Using the traffic model of Section 2, explain why fusing a chain of two elementwise operations buys far less than fusing a chain of ten, even though both remove the same per-op launch overhead. Then argue why fusion gives almost no benefit when the chain is a single large matrix multiply with no neighbors: identify which term in $T_{\text{unfused}} = 2nB$ collapses, and connect your answer to where that operation sits on the roofline of Section 3.7.
Modify Code 22.8.1 so the chain length $n$ is a parameter and the side-input count $c$ is configurable.
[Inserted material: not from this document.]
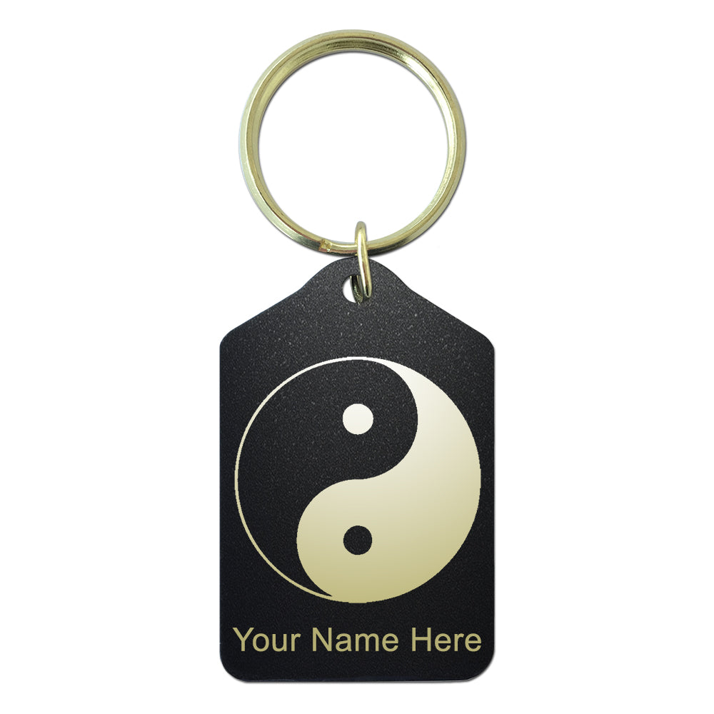 Black Metal Keychain, Yin Yang, Personalized Engraving Included
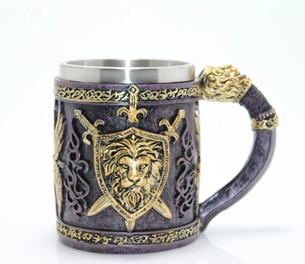 Aslan Büstü Tasarımlı Paslanmaz Çelik Kupa Bardak ALK1016 Ürün Ölçüleri 11*15 Cm

Sweep $n$ from 1 to 16 with $c = 1$, print the predicted memory-bound speedup $(2n + c)/(2 + c)$ for each, and confirm it matches the traffic-ratio computation. Then add a second regime where each op also performs heavy arithmetic (raise the FLOPs per element until the chain becomes compute-bound) and show that once the operation leaves the memory-bound region, the fusion speedup flattens out. Explain what changed.
You serve one model on a fleet that mixes two GPU generations and whose request shapes vary widely by hour. Compare three strategies (eager PyTorch, torch.compile, and an ahead-of-time TensorRT engine per GPU generation) along four axes: peak per-node throughput, engineering and rebuild cost when hardware or shapes change, portability across the mixed fleet, and risk of a shape the engine was not built for. Recommend one strategy and state the single fleet condition that, if it changed, would flip your recommendation.